Hippocampal neurons from embryonic day 18 rat embryos were cultured in Neurobasal medium with B27 supplement (Invitrogen, Grand Island, NY, USA), transfected with GFP-tagged regulatory B subunits with LipofectAmine 2000 (0.1%, 2 μg·mL−1 DNA) at 10–14 days in vitro, and fixed with 3.7% paraformaldehyde 24 or 72 h later. For the localization experiments, cultures were immunofluorescently labeled for GFP to enhance the intrinsic fluorescence of the Bβ–GFP proteins, and for the mitochondrial protein TOM20. Neurons were imaged at × 1000 magnification with a Leica epifluorescence microscope. For survival assays, hippocampal cultures were fixed 72 h after transfection, and labeled with GFP-directed antibodies and Alexa 488-coupled secondary antibodies. Nuclei were stained with 1 μg·mL−1 Hoechst 33342. In some experiments, cultures were also incubated with propidium iodide (1 μg·mL−1) 5 min prior to fixation, in order to stain the nuclei of necrotic cells that had lost membrane integrity. Death was quantified as the percentage of transfected neurons with condensed, irregular or fragmented nuclei or dystrophic neurites by experimenters blinded to transfection conditions.

Statistical analysis

The unpaired Student’s t-tests were performed with Excel.
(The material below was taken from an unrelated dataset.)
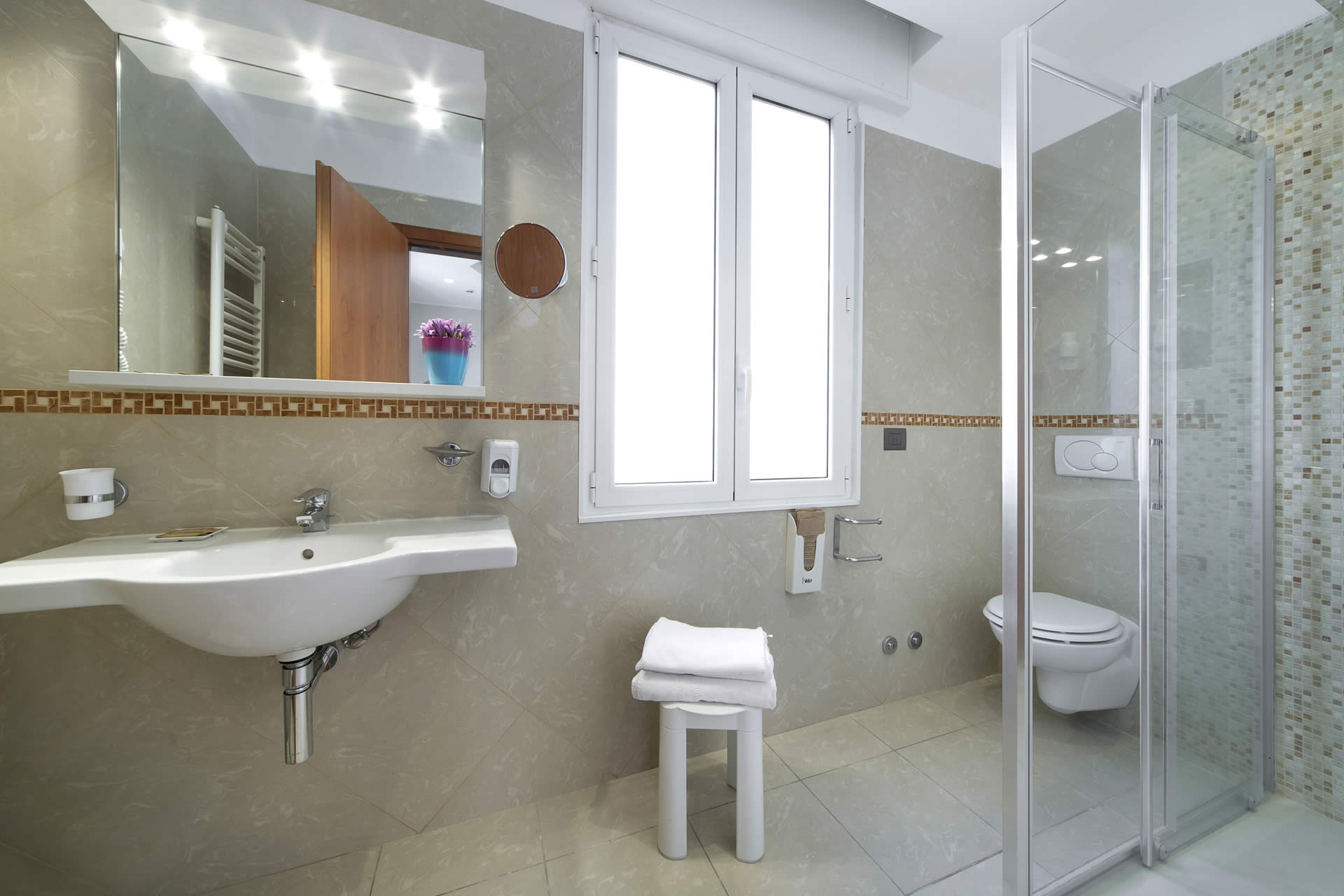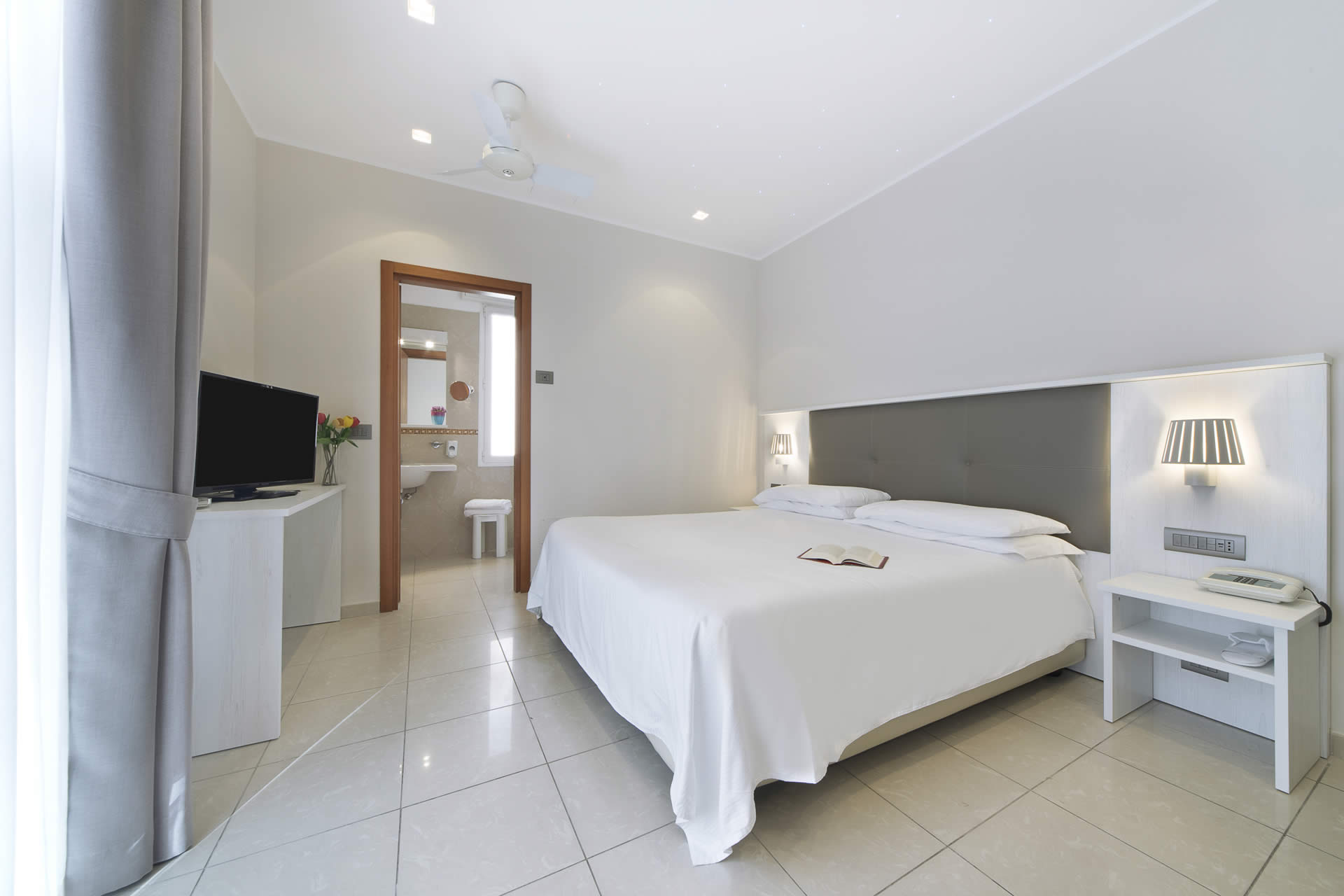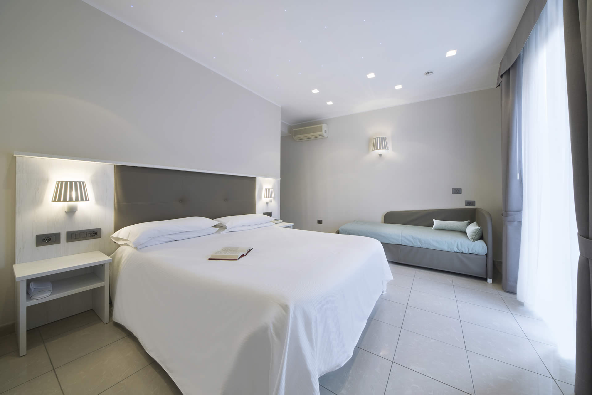 Servizi e comfort: aria condizionata autonomamente regolabile, termosifoni, ventilatore a soffitto, minifrigo, TV LCD/LED con canali satellitari e SKY, telefono, bagno con doccia, asciugacapelli, cassaforte, Internet ADSL/Wi-Fi gratuito.

The one-way ANOVA and the pairwise tests with Bonferroni adjustments were carried out with the statistical software package r [27]. Unless indicated otherwise, data are representative of three or more independent experiments.


This work was supported by National Institute of Health grants NS043254, NS056244 and NS057714 (to S. Strack) and National Research Service Award Predoctoral Fellowship NS077563 (to A. M. Slupe).